Evakuasi Pendaki Ilegal Semeru Rampung Usai 4 Hari Penyelamatan
kesehatan

Evakuasi Pendaki Ilegal Semeru Rampung Usai 4 Hari Penyelamatan

CNN Indonesia1 jam lalu👁 4 views🤖 AI Rewritten

Evakuasi Pendaki Ilegal Semeru Rampung Usai 4 Hari Penyelamatan

Tim SAR gabungan akhirnya berhasil mengevakuasi Cakra, pendaki ilegal yang terjatuh ke jurang sedalam 375 meter di Gunung Semeru, Jawa Timur. Proses evakuasi berlangsung selama empat hari dan mencapai puncak pada Jumat (5/6) siang.
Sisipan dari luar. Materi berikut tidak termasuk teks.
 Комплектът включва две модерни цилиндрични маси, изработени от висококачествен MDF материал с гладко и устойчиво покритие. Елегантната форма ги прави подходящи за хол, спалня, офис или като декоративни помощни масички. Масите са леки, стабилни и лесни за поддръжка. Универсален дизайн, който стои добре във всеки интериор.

Kepala Kantor SAR Surabaya, Nanang Sigit, mengungkapkan bahwa proses evakuasi di lapangan sangat berat. Tim harus membawa korban secara estafet menggunakan metode slope rescue, yakni tandu lipat yang ditarik dengan sistem tali. Proses penyelamatan pemuda asal Malang tersebut menguras fisik dan mental para personel SAR.

Kondisi medan evakuasi juga sangat ekstrem. Tim harus menghadapi jalur curam, minim titik pijakan aman atau anchor, ancaman longsor, serta paparan debu vulkanik dan kabut tebal yang membatasi jarak pandang. "Informasi dari tim di lapangan menyebutkan kondisi permukaan tanah di beberapa lokasi tertutup debu vulkanik. Menjelang sore hari, tim SAR gabungan juga harus lebih berhati-hati karena kabut mulai menutup pandangan," kata Nanang, Jumat (5/6).
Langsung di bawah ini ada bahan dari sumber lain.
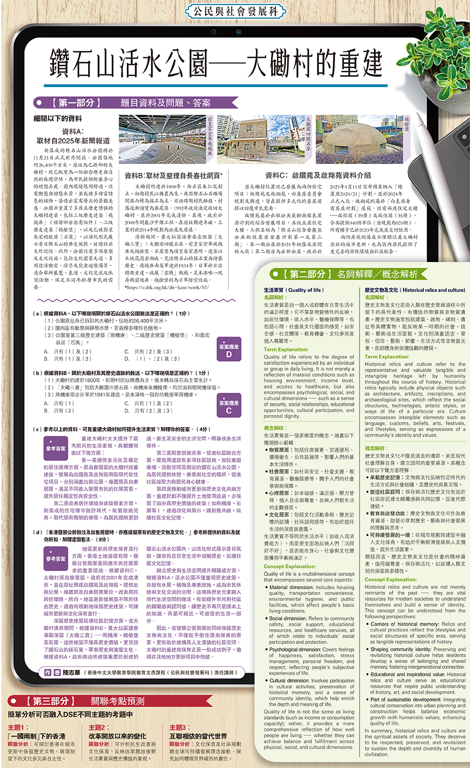 (d)「香港發展公營租住及出售房屋時,亦應保留原有的歷史文物及文化。」參考所提供的資料及就你所知,解釋這個看法。(8分)

Sulitnya medan membuat tim evakuasi beberapa kali harus berhenti untuk memulihkan tenaga. Posko SAR bahkan mengirim bantuan tambahan di tengah perjalanan guna menopang proses penyelamatan. Pada pukul 14.30 WIB, tim SAR gabungan meminta waktu beristirahat karena beratnya jalur yang harus dilalui. Posko kemudian memberangkatkan empat personel tambahan untuk membawa logistik sekaligus membantu proses evakuasi hingga ke posko.

Insiden bermula saat korban nekat mendaki Gunung Semeru melalui jalur ilegal pada Sabtu (30/5). Ia dilaporkan terjatuh ke jurang pada Senin (1/6) sekitar pukul 10.00 WIB. Beruntung, sebelum kehilangan kontak, Cakra sempat mengirimkan titik koordinat terakhir dan meminta pertolongan kepada orang tuanya. Untuk mencapai lokasi korban, tim SAR gabungan harus berjalan kaki selama sekitar delapan jam. Saat ditemukan, korban mengalami cedera serius pada kaki kanan.
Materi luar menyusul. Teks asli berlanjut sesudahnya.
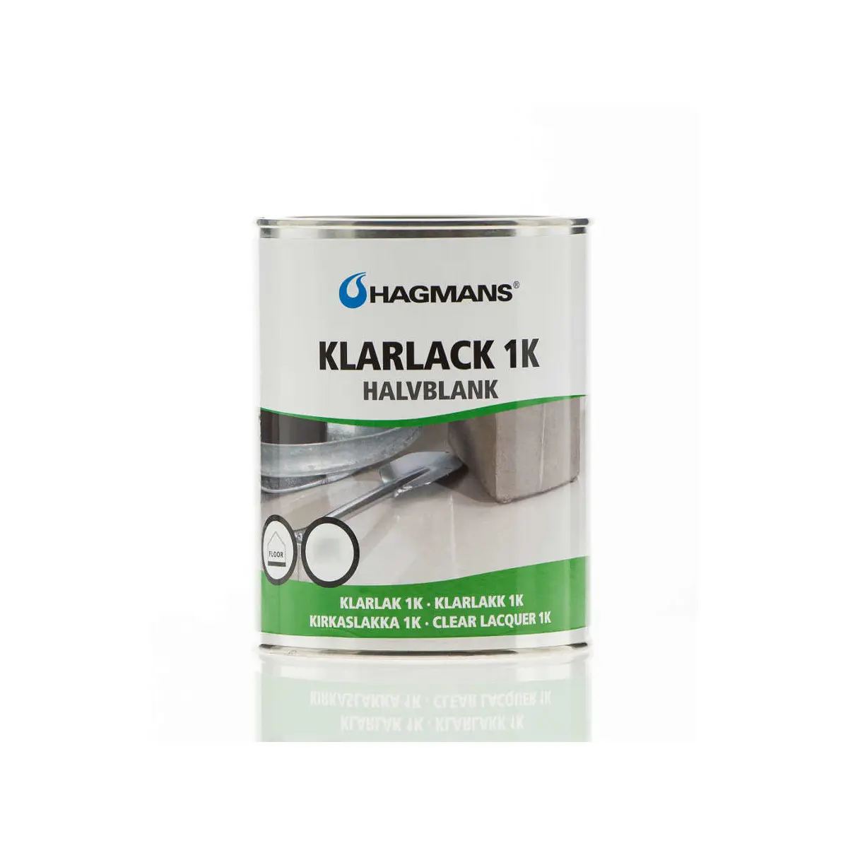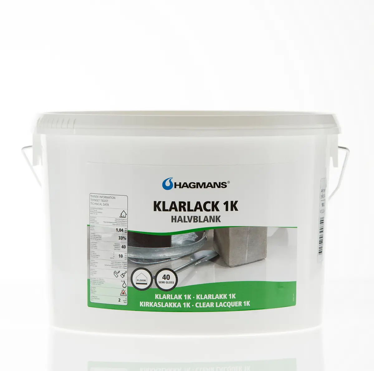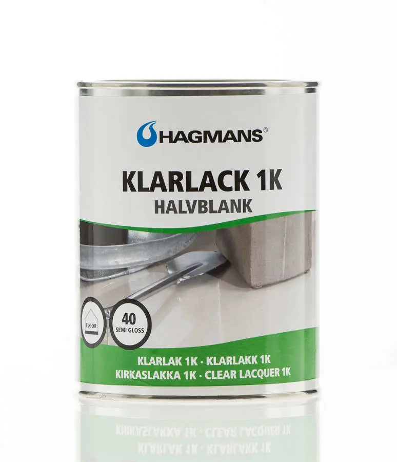 Hagmans Klarlack 1K är en lättarbetad, slitstark, reptålig och gulningsbeständig 1- komponent klarlack baserad på ren polyuretan.

"Supaya meminimalisir pergerakan dan agar tidak semakin bengkak, kaki survivor memang harus dibidai," ujar Nanang. Karena lokasi korban berada di jurang yang sangat curam, proses penarikan tandu dilakukan secara bertahap sejak Kamis (4/6) siang dengan penuh kesabaran dan perhatian dari tim SAR gabungan.